Когда Генри вернулся, я ничего не сказала, просто протянула ему руку, и он вложил в нее свою. Обратно между надгробьями мы шли молча, но когда достигли дороги, где стоял наш крайслер, мальчик остановился и дернул меня за руку, поворачивая к себе лицом. Он посмотрел на меня с широко открытыми, полными слез глазами и прошептал:

“Я хочу домой, Эмма”.

«Хорошо, пацан», – сказала я, мой голос дрожал против моей воли. – «Все хорошо. Я думаю, твоя бабушка уже что-то приготовила и мы оба могли бы немного подкрепиться».

«Нет», – сказал он, качая головой, от чего несколько слезинок покатились по его бледным щекам. – «Я имел в виду, что хочу домой, домой».

«Ох…» – это было все, что я смогла выдавить.

«Я хочу жить в своем доме.
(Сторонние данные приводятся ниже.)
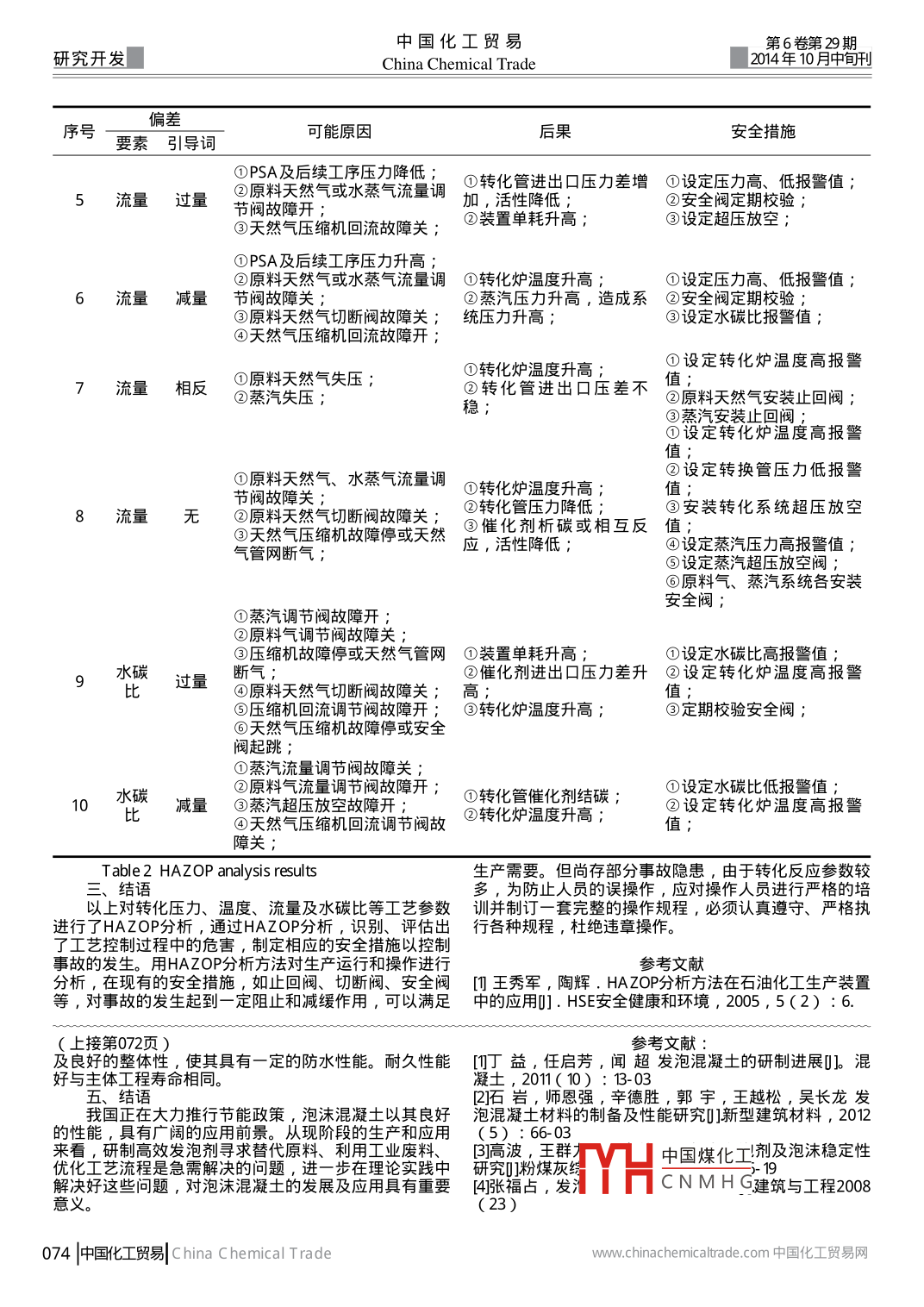 第6卷第29期中國(guó)化工貿(mào)易2014年10月中句開(kāi)China Chemical trade研究開(kāi)發(fā)HAZOP分析在天然氣制氫中的應(yīng)用馬新力1馬進(jìn)楊光(新疆華泰重化工有限責(zé)任公司,烏魯木齊830019)摘要:在天然氣制氫轉(zhuǎn)化部分的生產(chǎn)控制中,轉(zhuǎn)化壓力、溫度、流量及水碳比的控制非常重要,根據(jù) HAZOP分析流程,對(duì)以上要素進(jìn)行 HAZOP分析,分析岀要數(shù)發(fā)生偏差時(shí)可能岀現(xiàn)的后果,并對(duì)后果采取相應(yīng)的安全措施,避免事故的發(fā)生關(guān)鍵詞:溫度壓力流量水碳比 HAZOP分析措施HAZOP分析介紹二、轉(zhuǎn)化反應(yīng)中的 HAZOP分析危險(xiǎn)與可操作性( HAZOP)研究是一種可用于定天然氣與水蒸汽在轉(zhuǎn)化管內(nèi)發(fā)生以下反應(yīng)性分析或定量評(píng)價(jià)的危險(xiǎn)性評(píng)價(jià)方法,它以系統(tǒng)工程為CH4+H2O=co+3H2·Q基礎(chǔ)的,分析出生產(chǎn)過(guò)程中的危險(xiǎn)源及原因,并制定出CO+H,o=co, +h,+q相應(yīng)措施。通過(guò)分析生產(chǎn)運(yùn)行過(guò)程中工藝參數(shù)、操作控以上反應(yīng)是在轉(zhuǎn)化管中鎳基催化劑的催化作用下制岀現(xiàn)的偏差,以及這些偏差對(duì)系統(tǒng)的影響及后果,找進(jìn)行反應(yīng)的,該反應(yīng)過(guò)程與反應(yīng)物的溫度、壓力有關(guān)岀岀現(xiàn)偏差的原因,明確裝置生產(chǎn)過(guò)程中存在的主要危產(chǎn)出氫氣的多少與流量有關(guān),該反應(yīng)需控制水碳比(水險(xiǎn)、危害因素,并針對(duì)偏差的后果提出應(yīng)采取的措施。蒸氣分子的總數(shù)和碳原子總數(shù)的比值),反應(yīng)溫度由調(diào)節(jié)燃料氣流量進(jìn)行控制,壓力由調(diào)節(jié)原料氣壓力進(jìn)行控危險(xiǎn)和可操作性研究方法可按分析的準(zhǔn)備、完成分制,流量由調(diào)節(jié)原料氣流量進(jìn)行控制,水碳比由調(diào)節(jié)水析和編制分析結(jié)果報(bào)告三個(gè)步驟來(lái)完成。由各種專業(yè)人蒸氣及原料氣流量進(jìn)行控制,我們對(duì)以上最主要的反應(yīng)員〔如∶工藝、設(shè)備、安全、現(xiàn)場(chǎng)操作人員等)按照規(guī)控制操作過(guò)程進(jìn)行 HAZOP分析。定的方法對(duì)偏離設(shè)計(jì)的工藝條件進(jìn)行過(guò)程危險(xiǎn)和可操作分別對(duì)溫度、壓力、流量及水碳比等要素進(jìn)行分性研究析,分析結(jié)果見(jiàn)表1。表1 HAZOP分析結(jié)果偏差序號(hào)要素引導(dǎo)詞可能原因后果安全措施燃料氣流量調(diào)節(jié)閥故障開(kāi);①轉(zhuǎn)化管發(fā)生著火、爆設(shè)定轉(zhuǎn)化爐溫度高報(bào)警②原料天然氣流量降低或無(wú)流炸②轉(zhuǎn)化管、燒嘴燒壞②設(shè)定原料氣壓力報(bào)警值1溫度過(guò)量③蒸汽流量降低;③催化劑燒壞性降③設(shè)定蒸為壓力高報(bào)雪值④引風(fēng)機(jī)故障停造成轉(zhuǎn)化爐負(fù)低壓降低④廢熱鍋爐壓力升高,嚴(yán)設(shè)置備用電源⑤轉(zhuǎn)化管泄漏重時(shí)鍋爐爆炸′⑤設(shè)定轉(zhuǎn)化系統(tǒng)壓力高報(bào)警①設(shè)定轉(zhuǎn)化爐溫度低報(bào)警①燃料氣流量降低②原料氣流量升高2溫度減量蒸汽流量升高;①催化劑活性降低,轉(zhuǎn)化②定期分析轉(zhuǎn)化氣含量氣質(zhì)量不合格⑤系統(tǒng)壓力下降②裝置單耗升高④設(shè)定水碳比報(bào)警值⑤提高系統(tǒng)壓力在1.1MPa⑥轉(zhuǎn)化爐進(jìn)風(fēng)量過(guò)大以上⑥調(diào)節(jié)轉(zhuǎn)化爐進(jìn)風(fēng)量①PSA及后續(xù)工序故障停①裝置轉(zhuǎn)化管發(fā)生著火②原料天然氣流量調(diào)節(jié)閥故障爆炸設(shè)定壓力高報(bào)警值3壓力過(guò)量開(kāi)⊙設(shè)備、管線泄漏大量可②設(shè)定超壓放空值,超壓自③天然氣壓縮機(jī)回流閥故障燃?xì)怏w關(guān)③裝置安全閥起跳③安全閥定期校驗(yàn);①原料天然氣或水蒸氣流量調(diào)①轉(zhuǎn)化爐爐膛溫度上升較①設(shè)定壓力低報(bào)警值節(jié)閥故障關(guān)快,損壞轉(zhuǎn)化管②設(shè)定水碳比報(bào)警值4壓力減量②原料天然氣切斷閥故障關(guān);②轉(zhuǎn)化管進(jìn)出口壓差上③安全閥定期校驗(yàn)③超壓放空閥故障開(kāi)升,催化劑損壞④PSA及后續(xù)工序設(shè)定壓力PSA及后續(xù)工序壓力降低;③蒸汽流量低造H中國(guó)煤化工⑤安全閽起跳。結(jié)碳,催化劑失CNMHG設(shè)置雙閥道切斷閥w.chinachemicaltrade.comChina chemical trade中國(guó)化工貿(mào)易073中國(guó)化工貿(mào)易第6卷第29期研究開(kāi)發(fā)China Chemical trade201410月中間刊偏差序號(hào)要素引導(dǎo)詞可能原因后果安全措施①PSA及后續(xù)工序壓力降低5流量過(guò)量③原料天然氣或水蒸氣流量調(diào)①轉(zhuǎn)化管進(jìn)出口壓力差增①設(shè)定壓力高、低報(bào)警值節(jié)閥故障開(kāi)加,活性降低②安全閥定期校驗(yàn);③天然氣壓縮機(jī)回流故障關(guān)②裝置單耗升高③設(shè)定超壓放空①PSA及后續(xù)工序壓力升高②原料天然氣或水蒸氣流量調(diào)①轉(zhuǎn)化爐溫度升高①設(shè)定壓力高、低報(bào)警值6流量減量節(jié)閥故障關(guān)②蒸汽壓力升高,造成系②安全閥定期校驗(yàn)③原料天然氣切斷閥故障關(guān);統(tǒng)壓力升高;③設(shè)定水碳比報(bào)警值④天然氣壓縮機(jī)回流故障開(kāi);7流量相反
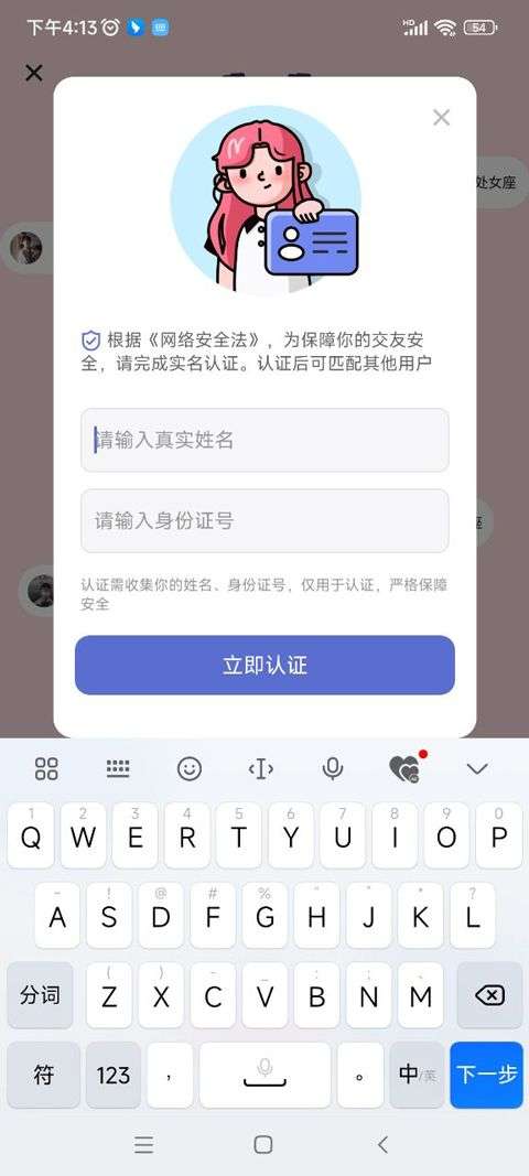3、由于需要实名认证才可开启聊天,输入姓名和身份证号认证。

Я хочу быть там, Эмма, со всеми своими вещами, и всеми ее вещами. Я думаю, что это то, чего бы хотела она. Мы можем переехать туда?»

«О, Генри, я даже не…» – я даже не знала, что пыталась сказать или что должна была сказать. Мы не были в особняке со дня аварии и это могло стать тяжелым испытанием для Генри, да и для меня. Это могло стать адом. Но все, что я видела – его большие, полные надежды и мольбы глаза, просящие, чтобы я отпустила его домой жить в окружении воспоминаний о матери, которую он только потерял, и как, черт возьми, я могла сказать ему «нет»?

«Пожалуйста», – прошептал он и моя решительность дала трещину. Я склонила голову и тяжело вздохнула, прежде чем кивнуть в знак согласия. Мы могли сделать это и я могла только надеяться, что мои родители поймут. Это было для моего ребенка. Это было то, что ему нужно, и, честно говоря, какая-то часть меня тоже в этом нуждалась. Генри пару секунд неловко переступал с ноги на ногу, а потом неожиданно уткнулся мне в живот, обнимая так крепко, как только мог. А я просто стояла, обнимала его и поглаживала по волосам, надеясь, что мы сможем преодолеть это вместе.

Некоторое время мы молча стояли посреди кладбища, крепко обнявшись и беззвучно роняя слезы. А потом сели в крайслер, пристегнулись и поехали к месту, которые так сильно пугало меня сейчас, потому что оно уже не было тем местом, что я знала раньше. Оно было пустым. Не подавалась на обед прекрасная лазанья Реджины. Не было игривых споров после бокала крепкого сидра Реджины. Не было Реджины. От осознания этого я чувствовала, как мое сердце трещит по швам. Как, черт возьми, я смогу пережить все это?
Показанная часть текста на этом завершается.